Sudanic Africa 4, 1993.

Recent Books

After the Jihad

After The Jihad: the Reign of Ahmad al-Kabir in the Western Sudan by John Hanson and David Robinson (with the assistance of Malik Balla, John Hunwick and Malek Towghi). East Lansing: Michigan State University Press (African historical sources no. 2), 1991, pp. xvi, 410.

After The Jihad is an anthology of translated documents dealing with the career of Ahmad al-Kabir al-Madani (c. 1836-97), the eldest son and successor of al-hajj 'Umar Tal al-Futi (c. 1797-1864). In After The Jihad, John Hanson and David Robinson introduce, translate, and annotate thirty-seven texts (primarily short chronicles, letters, and poems), the originals of which are reproduced at the end of the book. Thirty-two of the documents are in Arabic and the remaining five are in French. The authors obtained about half of the documents are from the collection of manuscripts seized by Colonel Archinard in Segu in 1892 and now preserved in the Bibliothèque Nationale in Paris.[1] The remaining texts were obtained from the Dépot des Archives d'Outre-Mer and the archives of the Gouvernement Général de l'Algérie (both in Aix-en-Provence), the Archives Nationale du Sénégal and the Institut Fondemental Cheikh Anta Diop (both in Dakar).

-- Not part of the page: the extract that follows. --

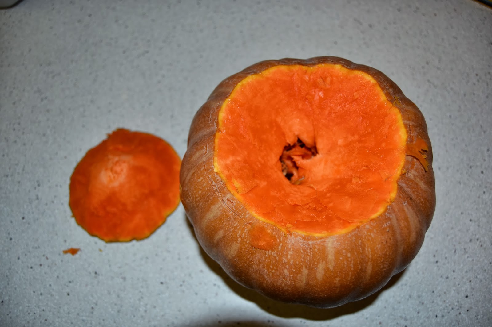 Es importante hacer el corte en V, porque después tenéis que colocar otra vez la tapa y así se aguanta. Acordaos de esto. Otra cosa importante es que en el agujero quepa vuestra mano. Es tentador hacerlo pequeño para que quede chulo, pero facilita las cosas que podáis meter la mano. Aquí veis el corte en V. 3. Vaciar. Aqui si tenéis niños que sean de fiar, podéis ponerlos a vaciar las pepitas y las fibras. Luego vosotros podéis ir haciendo más hueco con la cuchara (yo no tenía pero cuando lo hacía pensé que una cuchara para helados sería PERFECTA), y os turnáis para que el sobrante lo quiten ellos.

Hanson and Robinson have organized the documents in a loosely chronological fashion, by periodizing Ahmad al-Kabir's career into three sections; the early, middle, and later years. Each section begins with an introduction to the period and is followed by the translated documents, each of which is preceded by its own mini-introduction. The three sections of translations are sandwiched between an introduction and epilogue. The introductory sections manage to review briefly the growing literature regarding the careers of 'Umar Tal and Ahmad al-Madani.

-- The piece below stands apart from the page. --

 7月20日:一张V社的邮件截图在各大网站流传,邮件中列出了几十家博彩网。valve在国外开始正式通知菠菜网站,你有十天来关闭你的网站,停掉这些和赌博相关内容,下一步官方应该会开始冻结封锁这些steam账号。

The earliest documents translated in After the Jihad date from 1855 to 59 and pertain to 'Umar's efforts to recruit supporters from Senegambia during his conflict with the Massassi Bambara in the upper Senegal valley. Two additional documents originate during 'Umar's life and concern Ahmad's installation as his successor. The remainder progress through Ahmad's career and end with his flight from Nioro (1891) and Bandiagara (1893). The documents have been selected to provide a sampling of the concerns which characterized the various periods of Ahmad's career. For instance, documents #5, 9, and 16 deal with Ahmad's struggle with his brothers and his effort to justify his claim to his deceased father's political authority. Documents #5, 6, 7, 10, 11, and 19 concern Ahmad's relations with the North, today's Mauritania and Morocco. Many of these documents also deal with Ahmad's political authority. Documents #8, 8A, 8B, 8C, and 8D deal with Nioro's relations with the West, that is, with both the French and potential jihadists in the Senegambia area. Finally, documents #4, 13A, 13C, and 18B concern Senegambians who tried to use their experience in the East (Karta and Segu) to enhance their status back in Futa Toro.

While Hanson and Robinson have done a very good job translating the documents, there are a few instances for which this reviewer would like to offer a possible alternative reading. On p. 95 (Arabic text p. 322) the authors translate ­ËÂ as 'Europeans', assuming that the original author, 'Uthman Kusa, meant 'men of Rome'. It seems unlikely that 'Uthman, a contemporary of 'Umar Tal from Futa Jalon, would have referred to Europeans as 'Romans' or 'men of Rome', which is an expression one might more likely find in North Africa or the Mashriq in much earlier times. If 'Uthman wanted to refer to Europeans he would have more likely used the name nasara, which would have emphasized the religious difference between the Europeans and the jihadists, or the name faransa which would have been more current and precise. Additionally, the correct Arabic for 'Romans' requires that the word end with a nun. Instead, 'Uthman, used a spelling which seems more appropriate for the descendants of the Moroccan/Andalusian invaders of late sixteenth century Songhay, who were known as the 'Ruma', or sometimes 'Arma'. While the proper Arabic spelling of 'Ruma' would require a final ta` marbuta, 'Uthman's spelling exactly represents the local pronunciation of the name, and it is quite possible that 'Uthman was not aware of the Arabic origin of the name or its correct Arabic spelling.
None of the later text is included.